-- Data for analysis follows --
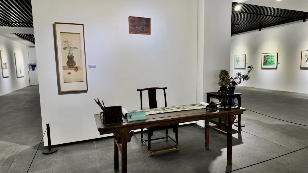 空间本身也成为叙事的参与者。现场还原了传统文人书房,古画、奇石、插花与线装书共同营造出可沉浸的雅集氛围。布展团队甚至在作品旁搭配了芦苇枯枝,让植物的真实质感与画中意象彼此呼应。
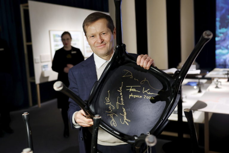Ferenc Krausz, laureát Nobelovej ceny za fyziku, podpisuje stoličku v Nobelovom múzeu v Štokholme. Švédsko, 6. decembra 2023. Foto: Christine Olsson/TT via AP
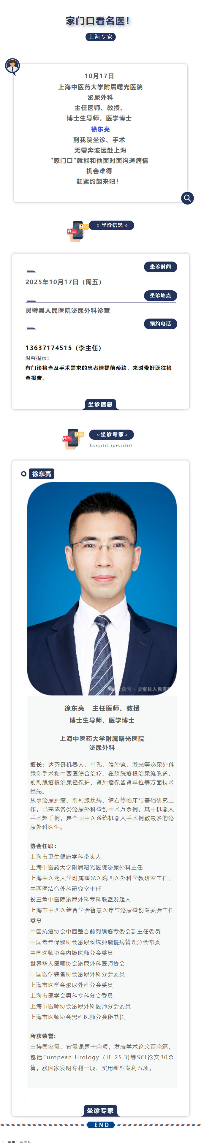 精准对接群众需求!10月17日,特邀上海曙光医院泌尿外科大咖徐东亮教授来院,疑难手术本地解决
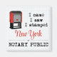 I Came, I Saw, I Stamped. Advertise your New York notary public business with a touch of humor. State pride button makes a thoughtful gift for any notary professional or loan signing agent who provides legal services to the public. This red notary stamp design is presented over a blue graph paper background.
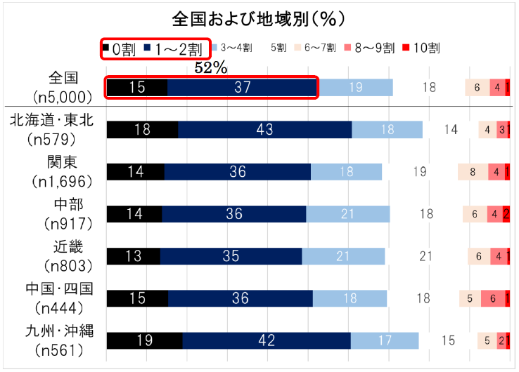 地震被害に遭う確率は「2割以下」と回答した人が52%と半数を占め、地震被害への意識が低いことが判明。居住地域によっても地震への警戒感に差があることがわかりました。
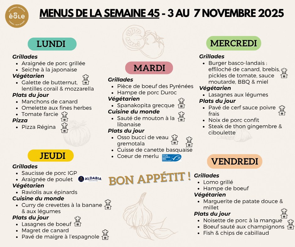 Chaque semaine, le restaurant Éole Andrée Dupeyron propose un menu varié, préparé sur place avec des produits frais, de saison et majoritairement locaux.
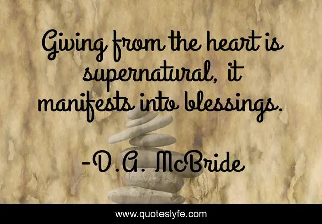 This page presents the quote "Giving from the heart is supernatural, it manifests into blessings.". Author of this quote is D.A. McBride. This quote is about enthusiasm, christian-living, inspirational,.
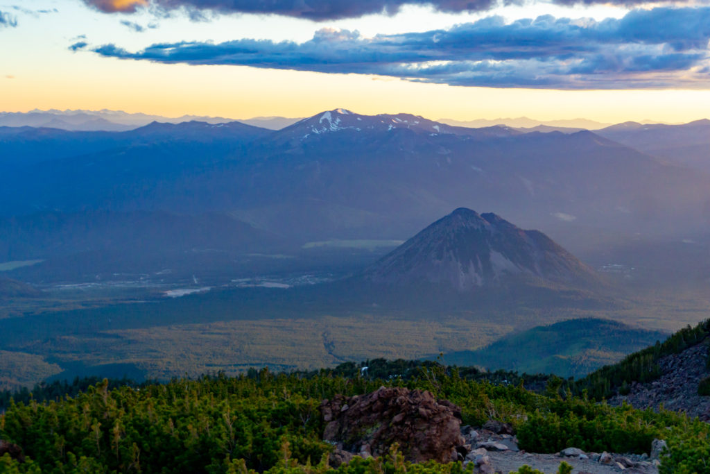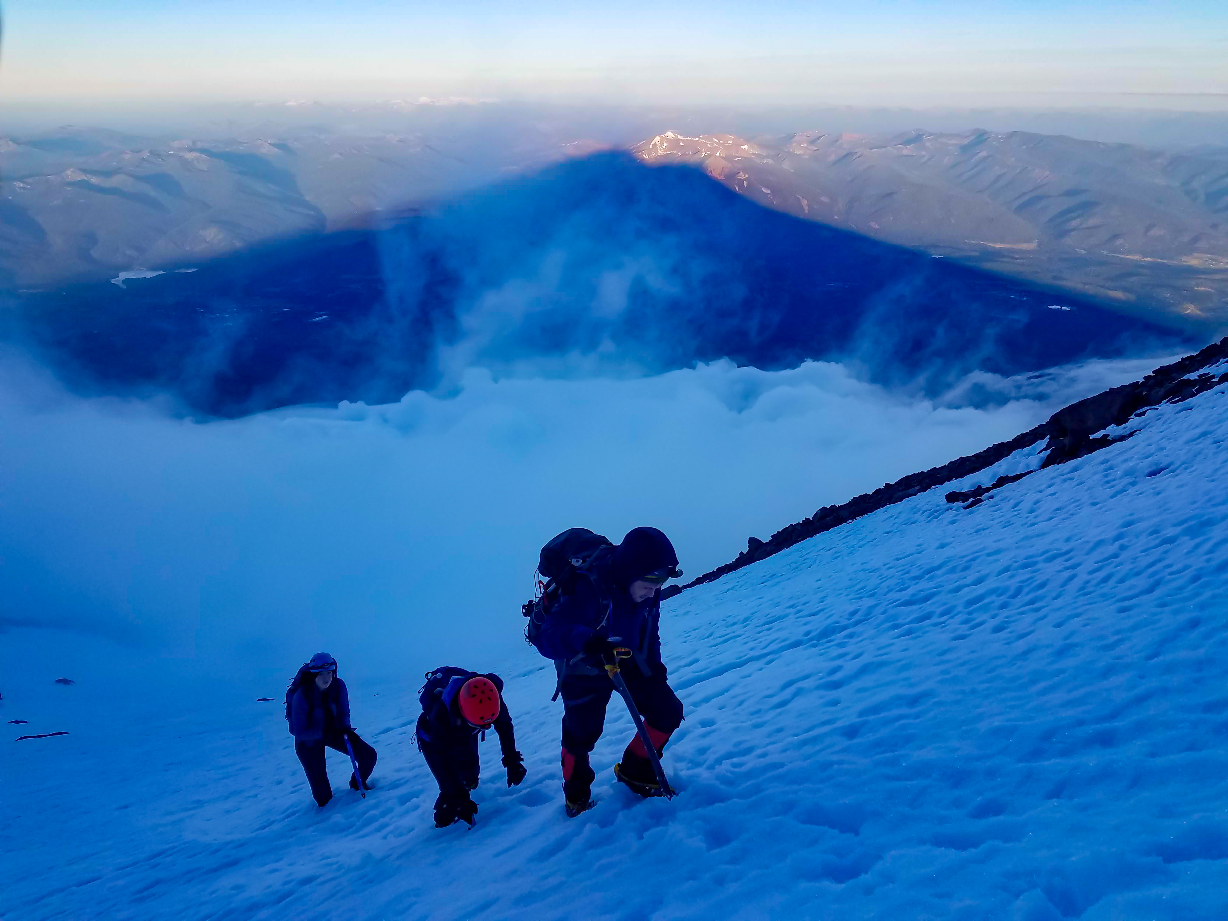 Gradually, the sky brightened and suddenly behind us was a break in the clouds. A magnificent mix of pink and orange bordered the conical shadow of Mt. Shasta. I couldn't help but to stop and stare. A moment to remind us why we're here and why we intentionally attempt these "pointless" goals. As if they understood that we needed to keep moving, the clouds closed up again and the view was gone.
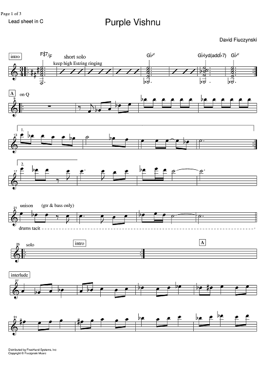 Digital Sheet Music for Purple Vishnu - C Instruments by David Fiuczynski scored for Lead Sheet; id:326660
-- Data for analysis concluded --
Problem statement:
Text only, no pictures: copy every entry exactly.

Finished task:
 空间本身也成为叙事的参与者。现场还原了传统文人书房,古画、奇石、插花与线装书共同营造出可沉浸的雅集氛围。布展团队甚至在作品旁搭配了芦苇枯枝,让植物的真实质感与画中意象彼此呼应。
Ferenc Krausz, laureát Nobelovej ceny za fyziku, podpisuje stoličku v Nobelovom múzeu v Štokholme. Švédsko, 6. decembra 2023. Foto: Christine Olsson/TT via AP
 精准对接群众需求!10月17日,特邀上海曙光医院泌尿外科大咖徐东亮教授来院,疑难手术本地解决
 I Came, I Saw, I Stamped. Advertise your New York notary public business with a touch of humor. State pride button makes a thoughtful gift for any notary professional or loan signing agent who provides legal services to the public. This red notary stamp design is presented over a blue graph paper background.
 地震被害に遭う確率は「2割以下」と回答した人が52%と半数を占め、地震被害への意識が低いことが判明。居住地域によっても地震への警戒感に差があることがわかりました。
 Chaque semaine, le restaurant Éole Andrée Dupeyron propose un menu varié, préparé sur place avec des produits frais, de saison et majoritairement locaux.
 This page presents the quote "Giving from the heart is supernatural, it manifests into blessings.". Author of this quote is D.A. McBride. This quote is about enthusiasm, christian-living, inspirational,.
 Gradually, the sky brightened and suddenly behind us was a break in the clouds. A magnificent mix of pink and orange bordered the conical shadow of Mt. Shasta. I couldn't help but to stop and stare. A moment to remind us why we're here and why we intentionally attempt these "pointless" goals. As if they understood that we needed to keep moving, the clouds closed up again and the view was gone.
 Digital Sheet Music for Purple Vishnu - C Instruments by David Fiuczynski scored for Lead Sheet; id:326660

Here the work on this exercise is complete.